Speech-to-text transcription

DeepSpeech, the automated speech recognition (ASR) engine
preferred by our client, is an end-to-end trainable, character level
LSTM recurrent neural network. DeepSpeech has been
used to produce a very low word error rate (WER), particularly
a 6% WER on LibriSpeech, an open-source 1000 hour
dataset of natural speech. 6% is approximately the human
error rate. Out of the box, DeepSpeech’s generic models returned
a 65.4% WER on our customer service call testing
data, more than 10x the WER of human processing.
This WER was ultimately reduced to approximately 18.7%
on the custom model generated using a very small corpus
of training data.

DeepSpeech functions best when translating sentence-length,
<10 second audio clips. The processing time required by Deep-
Speech to create a transcript per audio clip is between 4 and
9 seconds, with a mean of 7.14 seconds. Therefore, 5 minutes
of audio could take DeepSpeech almost 4 minutes of
processing time.

Sentiment model

Accuracy of various models were compared on 80/20 split
training/testing data made up of the IEMOCAP dataset and
a web-scraped dataset of electronic reviews with the sentiment
classification accuracies contained in figure 6. These
were 3-class classifiers where the sentiment classes were
positive, negative, and neutral. Accuracies of different feature implementations were then compared, with results contained
in figure 7. Some feature implementations did not easily
lend themselves to being run on different classification
models, so that data is absent.

Figure 6: Accuracy results of different classifiers for sentiment.
Figure 7: Accuracy results of different feature implementations.
Figure 8: Confusion matrix for training data on the final LSTM model.
Figure 9: Confusion matrix for testing data on the final LSTM model.

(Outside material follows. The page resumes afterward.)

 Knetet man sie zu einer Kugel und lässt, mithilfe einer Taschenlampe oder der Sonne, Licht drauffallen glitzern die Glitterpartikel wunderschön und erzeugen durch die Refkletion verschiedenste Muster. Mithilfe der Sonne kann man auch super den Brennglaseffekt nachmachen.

Among the different datasets and implementations the best
results were on Neural Network Classifiers using the tf_hub
word embedding module. Of the word embedding modules,
the universal sentence encoder outperformed the other modules.
A deeper neural network outperformed sklearn’s DNNClassifier
under the same feature implementation, and was the
highest performer of all the implementations at about 10%
higher test set accuracy than the second contender. The best
model iteration was an LSTM RNN that used tf_hub’s universal
sentence encoder as feature input. This model had a
test set accuracy of 77.6% on a combined IEMOCAP and
electronic review dataset. Baseline accuracy for randomly
choosing a class for 3 classes is 33.3%.

Topic Model

Using data scraped from a wireless carrier’s online discussion
forums and FAQ section, the training data was organized
into 5 topics: accounts and services, android products,
apple products, network and coverage, and other products.
Each of these topics also included some keywords that were
seeded into the LDA model with bias (such as “iphone” for
apple products, “galaxy” for android products, etc). Using
this training data to train the LDA model, it was able to successfully
predict the topics on the testing data 57.6% time. Baseline accuracy for randomly choosing a class for 5 classes is 20%. A visualization of this LDA can be found in figure 10.

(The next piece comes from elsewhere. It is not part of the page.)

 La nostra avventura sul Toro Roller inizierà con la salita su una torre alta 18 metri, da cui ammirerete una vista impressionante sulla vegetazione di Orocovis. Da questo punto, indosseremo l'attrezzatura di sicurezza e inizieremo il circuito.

The part-of-speech subject identifier (PoSSI) model was trained
using corpora included with the Natural Language Toolkit
(NLTK) and then tested on the web-scraped wireless carrier
data described above. This model was able to produce
coherent subject-verb-object (SVO) results, but because the
web-scraped dataset is unlabeled, there is not a quantitative
way of analyzing the accuracy unless all web-scraped data
was hand-labeled for part-of-speech. Hand labeling the entire
web-scraped dataset was not in the scope of this project.

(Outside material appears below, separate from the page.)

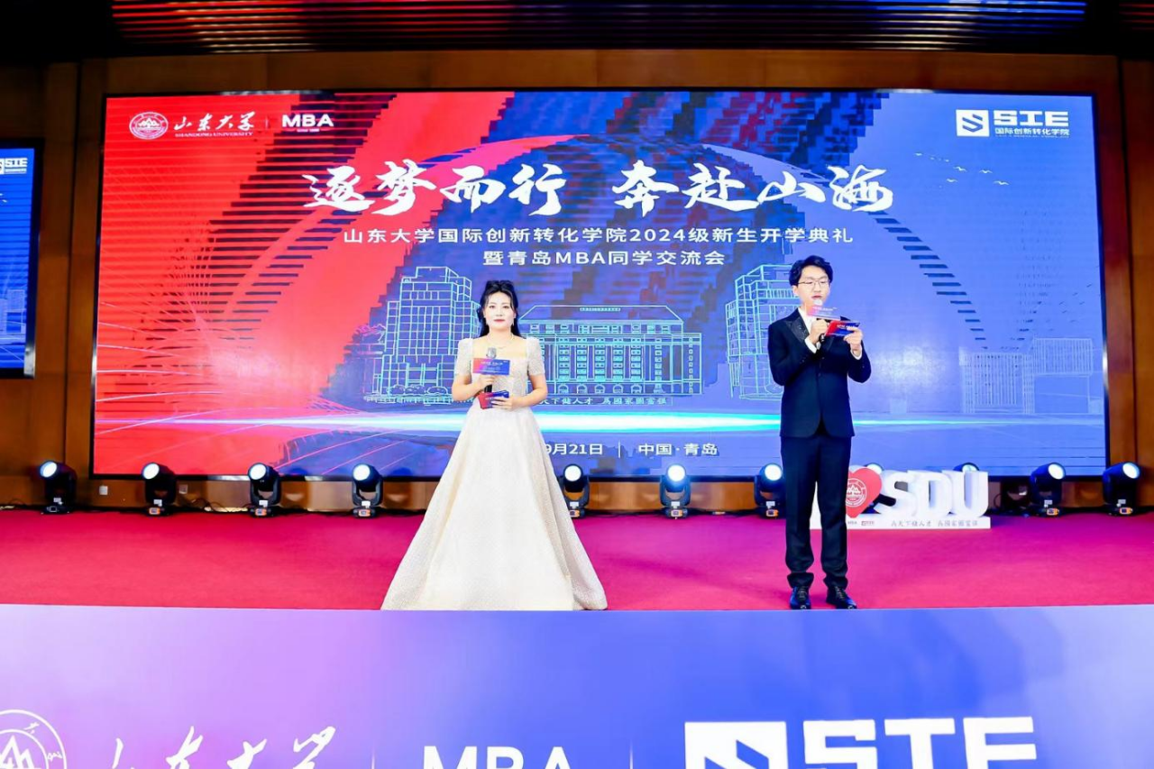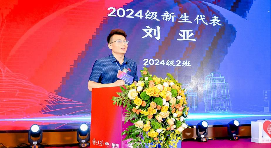 MBA2024级新生代表刘亚发言。他对2024级新生的未来充满信心,作为山大的一份子,2024级新生也会将历届山大人的精神传承发扬。作为此次活动的总导演,他展示了新时代青年的精神风貌与责任担当。作为MBA2024级2班的班长,刘亚深感责任重大。班长是班级活动的牵头人和领导者,期待所有班委成员团结合作,为班级融合、品牌打造贡献出了自己的力量。

Visualization and analysis of customer call data

Visualizing sentiment over the course of a call showed trends
we might expect: a green, positive, first sentence introduction
followed by a red, negative, introduction of the problem,
and darker greens (i.e. more strongly positive sentiment) towards
the end of the call.

These are promising results that suggest sentiment analysis
could be applicable in the context of automating customer
satisfaction surveys.

Figure 10: A visualization of the topics and the vocabulary found in the training corpora.
Figure 11: Top left: sentiment for each clip of the call displayed over the call transcript; Top right from top down: a heat-map of the intensity of the sentiment of each sentence of the call, a line graph displaying the intensity of the sentiment during each sentence of the call; Middle: the distribution of sentiment among keywords for each category; Bottom: the distribution of probabilities the call belongs into one of the five topic categories.
Figure 12: Sentiment distribution for sample service keywords.

CONCLUSION

Speech-to-text transcription

DeepSpeech is highly trainable but, with 120 million parameters,
requires massive training corpora, hundreds of hours
of training, and expensive equipment. Transfer learning was
performed in the form of freezing all sublayers of the model
and retraining the final layer. Experimentation with altering
previous layers was unable to create improvements. Transfer
learning is a viable course of action to customize Deep-
Speech for future transcription requirements but should be
trained using a greater number of high-quality audio clips.
DeepSpeech performed significantly better on our testing
data than alternative ASR engines such as Kaldi and CMUSphinx
as well as traditional ASR approaches such as Hidden
Markov Models.

Future work
Further improvements could likely be made in preparing
low-quality call data for transcription, as well as in post-processing
the transcriptions to produce more correct speech
(as DeepSpeech is character-level, it sometimes produces
nonsense). Retraining the weights of DeepSpeech on a large,
industry-specific copora would also likely produce greater
accuracy, but would be significantly more expensive — both
in computation time and amount of data required.

Sentiment model

The two biggest impacts on the accuracy
of the tested sentiment analysis models were data preparation
and model selection. Data preparation and input formatting
have a larger impact on a smaller dataset. Model selection
has a larger impact on a larger data set. Throughout
the various model iterations we tried, three different types
of formatting for data input were used:

  • Manual Feature Selection (used in SVM and RandomForest-
    Classifier): Manual Feature Selection was done by using the techniques
    stemming, filtering, and tokenization. Words were
    stemmed using NLTK’s word stemming module, so all
    words of different tenses would correspond to the same
    token. Words were not included in the training/testing
    sets when their length was less than 3, greater than 25,
    when they appeared more than 2000 times or less than 5
    times in the full corpus. Tokens were then created for all
    viable unigrams and bigrams in the corpus.
  • Pre-trained Word Embedding Modules (used in DNNClassifier)
    - Pre-trained word embedding modules from tensorflow_hub
    were used for the DNN Classifier.
    - The NNLM embedding is based on a neural network
    language model with two hidden layers. The least frequent
    tokens are hashed into buckets.
    - Word2vec is a token based embedding module trained
    on a corpus of English Wikipedia articles.
    - Universal-Sentence-Encoder encodes sentences for use
    in text classification. It was trained using a deep averaging
    network and has the feature of encoding semantic
    similarity.
  • Tokenization: Words with a length less than one were removed, then
    sentences were vectorized using Keras’s text preprocessing
    module. A token was chosen for every word in the
    training input. All sentences were padded to be of equal
    length, and words were replaced with tokens.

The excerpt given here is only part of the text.